Playing With Light by a Sea of Extremes

July 12, 1996|DAVID PAGEL | SPECIAL TO THE TIMES

Len Paschoal's meticulously rendered drawings and paintings depict piers, beaches and breakwaters familiar to anyone who has strolled along the seashore. The Milan-born, L.A.-based artist's first solo show at Koplin Gallery is promising not because each of his works on paper and canvas captures a fraction of the beach's daunting beauty, but because in them Paschoal skillfully plays blinding light against impenetrable shadow to form tight compositions.

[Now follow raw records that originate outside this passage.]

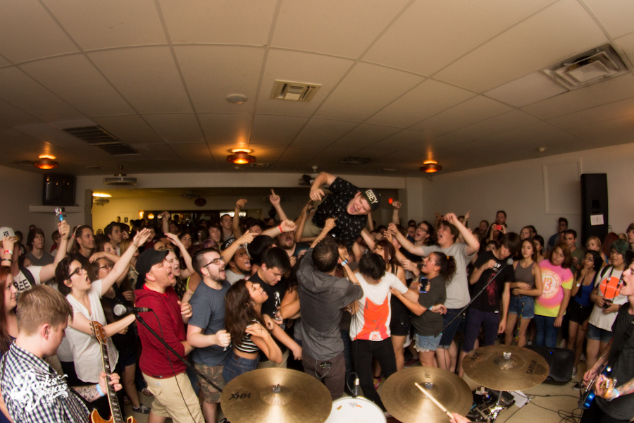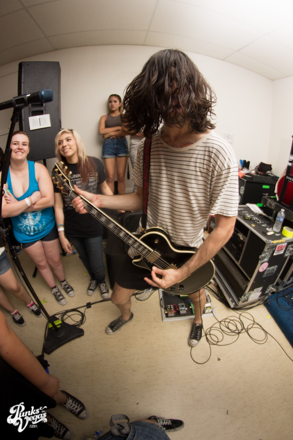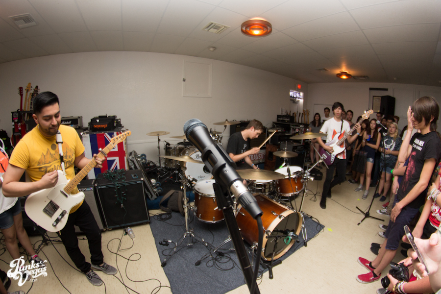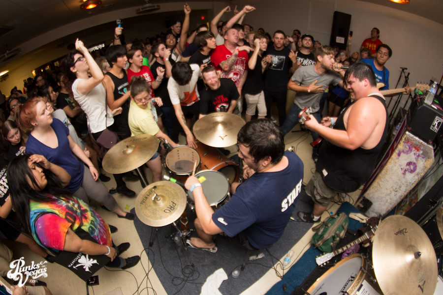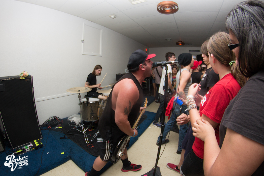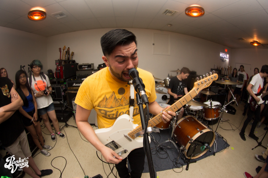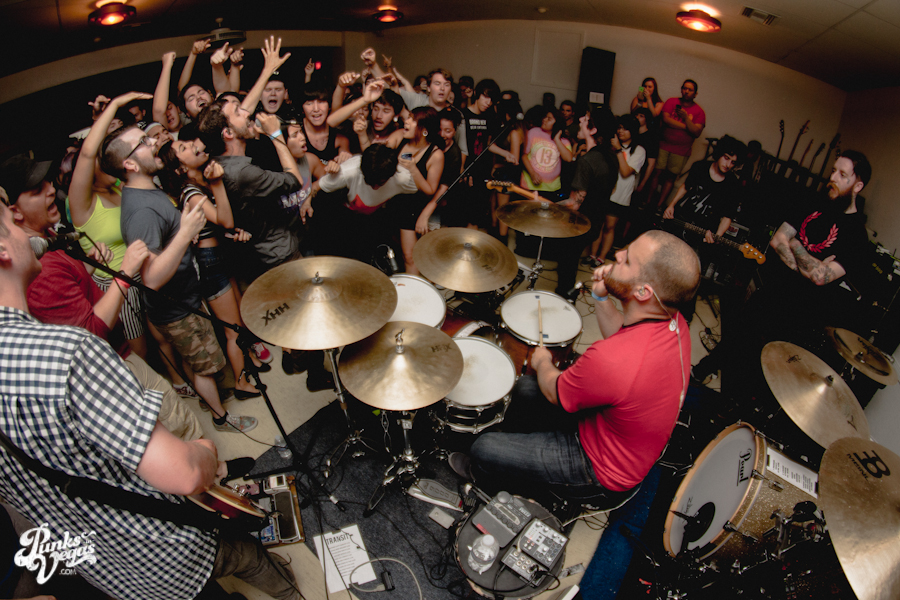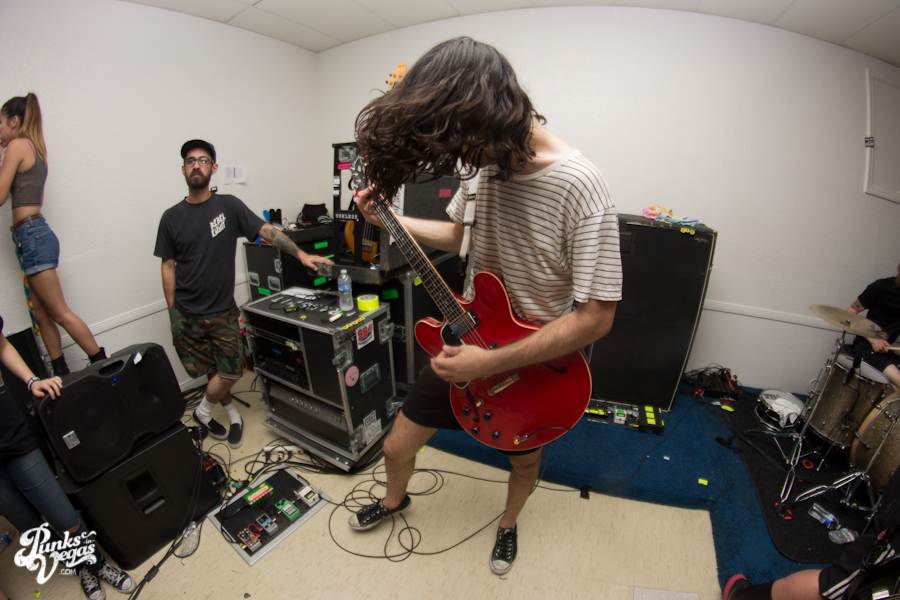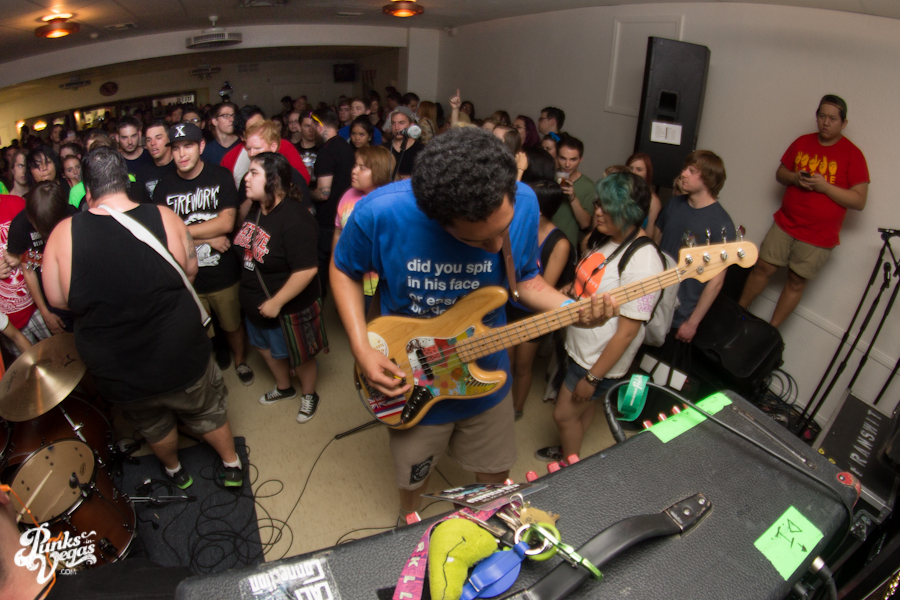 The first touring band of the night was Chicago’s Knuckle Puck. Usually as an opening touring band you have the select few fans that are ahead of the game and already know the words to everything you’ve put out, but tonight was an exception – their crowd was enormous. Maybe it was the few words exchanged between them and Austin Jeffers of local pop punk stalwarts Last Call before their set (Knuckle Puck are self-proclaimed fans of the Vegas pop punk group), or the turn out that got them going, but they powered through their set with such energy that when you went outside afterwards, the desert heat felt cool against your sweat soaked skin. Between each song, frontman Joe Taylor thanked everyone for the great energy they provided, while politely reminding everyone to keep their distance from the drum set as the lack of stage and the rush of fans was causing the vocalist to be slammed into drummer John Siorek’s kit. Taylor told the crowd how it reminded the band of a venue back home, Centennial Lanes, which was nice for them to feel at home while over 1,700 miles away.
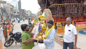 பஞ்ச மூர்த்திகள் மர தேருக்கு கலசங்கள் பொருத்தும் பணிகள் நிறைவு…..
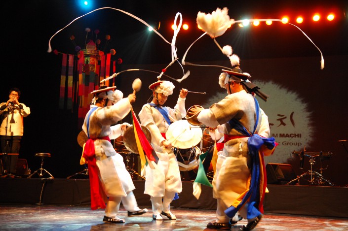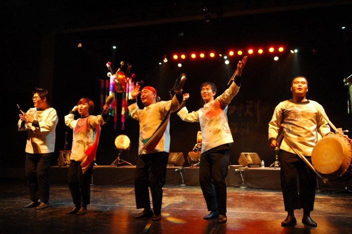Зрителям представится уникальная возможность познакомиться с экзотическими корейскими инструментами - барабаном в форме песочных часов чангу, двусторонним барабаном бук, большим металлическим гонгом чин и маленьким металлическим гонгом. Исполняемая на этих ударных инструментах традиционная крестьянская музыка в репертуаре музыкального коллектива сопровождается комбинацией шаманских ритмов и популярных песен.
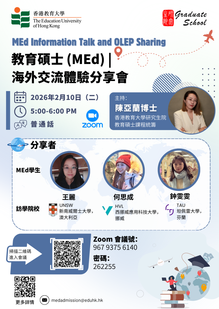為幫助同學們更深入理解海外交流帶來的機遇與轉變,香港教育大學教育碩士(MEd)課程特別推出海外交流主題分享會。本次活動將由教育碩士課程統籌陳亞蘭博士主持,並邀請三位於2025年12月參加MEd海外學習體驗計劃(OLEP)的同學們,分享她們跨越文化邊界的學習歷程、自我發展與突破。
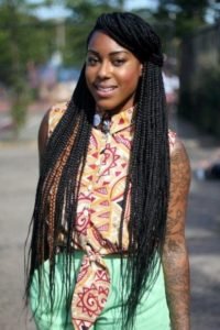 Embrace the length of your tresses, and don chic micro braids. Add a knitted cap or a fedora to complete your style. Hats are a wonderful accessory to add to your micro braids.
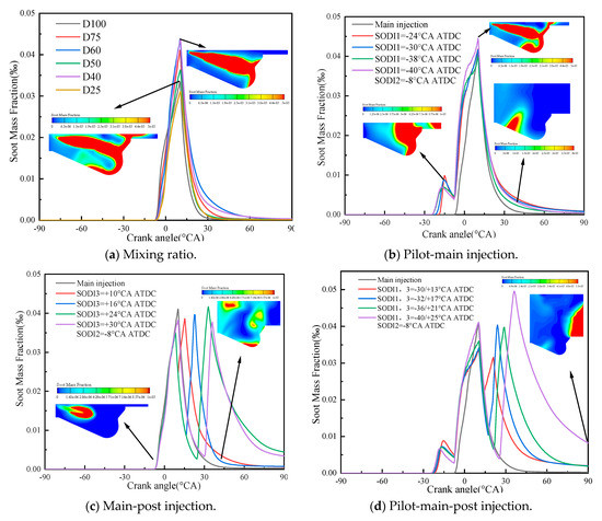 The multiple injection technology not only improves the combustion process, but also reduces the pollutant emissions, and optimizes the trade-off relationship between soot and NOx [32]. Figure 15 shows the soot emission with different NG mixing ratios and different fuel injection strategies. It can be found that the soot mass fraction in the cylinder firstly increases and then decreases with the increase of NG mixing ratio. The soot emission reaches the highest and lowest when the ratio of NG is 60% and 75%, respectively. The soot emission is mainly distributed in the high temperature and oxygen-poor area, and then gradually reduced by oxidation. With the addition of pilot injection and post injection, the emission of soot changes from a single peak of the main injection to a double peak. When there is no pilot injection, soot emission is mainly distributed in the front of the combustion chamber. However, in the pilot injection and post injection stage, soot is mainly generated at the bottom and rear of the combustion chamber. The use of pilot-main injection will slightly increase the emission of soot. It is due to the fact that the amount of fuel injected in the pilot injection stage is less, and the local high temperature generated by combustion and the oxygen-deficient environment in the middle of the fuel beam create conditions for soot generation. When the pilot-main-post injection strategy was adopted, the emission curve of soot shows three peaks, and the three peaks show a trend of first decreases and then increases with the advance of the SODI1 and the delay of the SODI3. From the changing trend, it can be seen that the SODI3 has a greater impact on this strategy.
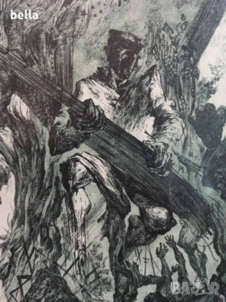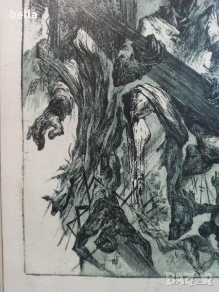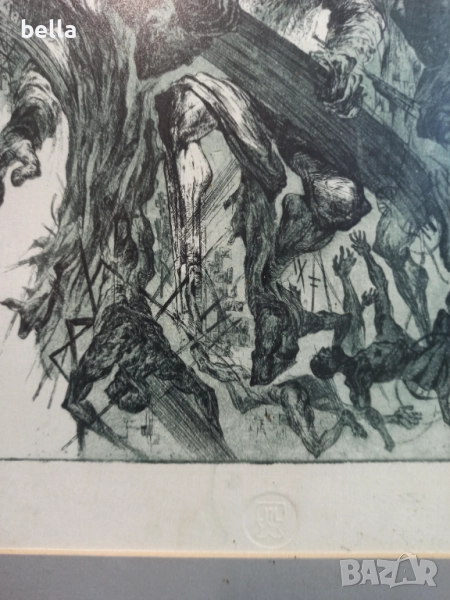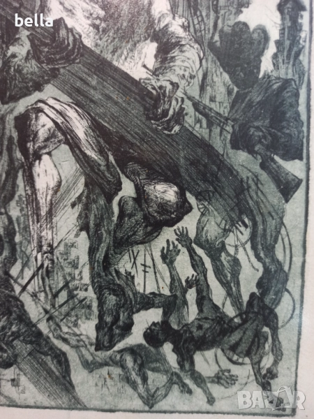 Оригинален офорт / акватинта,графика около 1960–1980 г.Тема: Военна сцена / битка / човешка драма.Техника: офорт, акватинта, суха игла.Подпис: сух релефен печат с инициали „ЕХ“ (авторски знак)
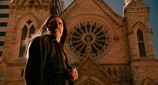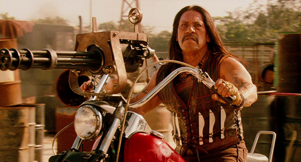 Ce n’est pas tant une question d’évolution de point de vue, mais il est certain que la redécouverte du très foiré Planète Terreur a pesé très lourd dans la balance. Calé (recalé ?) en amuse-gueule du segment signé par Robert Rodriguez pour le projet Grindhouse (lui-même supervisé en duo avec l’ami Quentin Tarantino), Machete n’était alors que le désopilant trailer d’une apparente série Z à deux pesos, intégré dans une anthologie du cinoche bis en compagnie d’autres petits extraits de navets sanguinolents et tout aussi fictifs que lui. Sauf que voilà, la bande-annonce ayant eu un succès monstrueux auprès de la frange la plus déviante de la galaxie geek, il n’en fallait pas moins pour que le gringo Rodriguez ait soudain envie de donner chair à cet énième vengeur mexicain – il avouait par ailleurs en avoir eu l’idée sur le tournage de Desperado quinze ans plus tôt. Le doute régnait quand même : quand on voit ce qu’une invasion de morts-vivants avait pu donner entre ses mains (en gros une purée de clichés référentiels et d’idées folles mal canalisées), fallait-il laisser Rodriguez pousser le détournement de nanar au niveau 2, c’est-à-dire en réactualisant un gag de deux minutes à l’échelle d’un long-métrage entier ? Et si oui, allait-on se retrouver contraint de ressortir le vieil adage « Les blagues les plus courtes sont les meilleures » en cas de déception ? Un rapide retour en arrière sur la filmo du cinéaste tex-mex allait être d’une grande aide pour choisir le bon aiguillage.
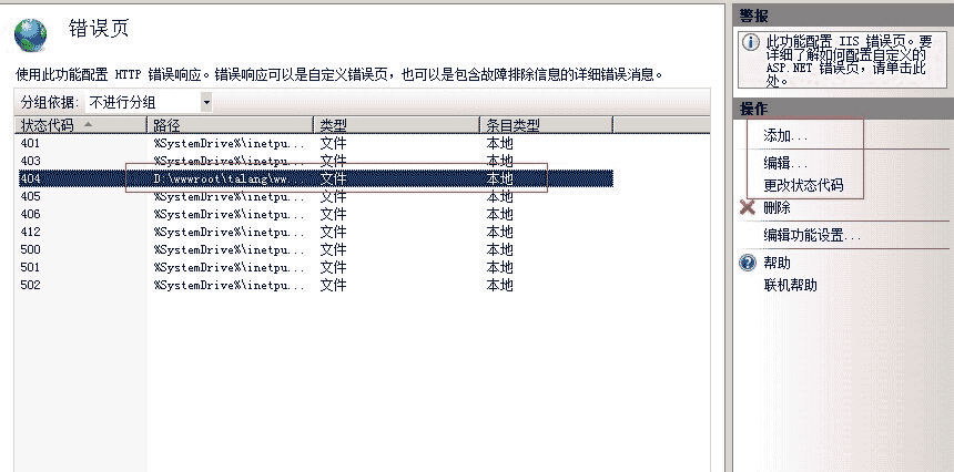 3、出現(xiàn)錯(cuò)誤頁設(shè)置頁面,今天我們這邊只說明一下404如何設(shè)置,諸如500、503等這里先不考慮。雙擊404錯(cuò)誤頁面那項(xiàng),或選中404那項(xiàng)點(diǎn)擊右側(cè)的編輯按鈕

More than half of his rigidly structured pictures portray the shady undersides of wooden piers. Vertical pilings and angled supports repeat with uninterrupted regularity until they disappear in darkness or dissolve in the setting sun's glare.

Paschoal often positions himself (and the viewer) just underneath or just alongside the edge of a pier, where a mixture of sunlight and shade allows you to see the world in its detailed fullness. Even these precisely observed and painstakingly articulated images juxtapose extremes, pitting an excess of light against its unfathomable absence. In either case, your capacity to see is defeated as Paschoal's art takes on an unsettling edginess.

The best painting is the simplest. Consisting only of a pier's railing, an expanse of ocean and a slice of sky, "Motion I" brings the brightest and darkest parts of the picture right next to each other. This jarring juxtaposition amplifies the dissonance that gives Paschoal's otherwise conventional seascapes their verve.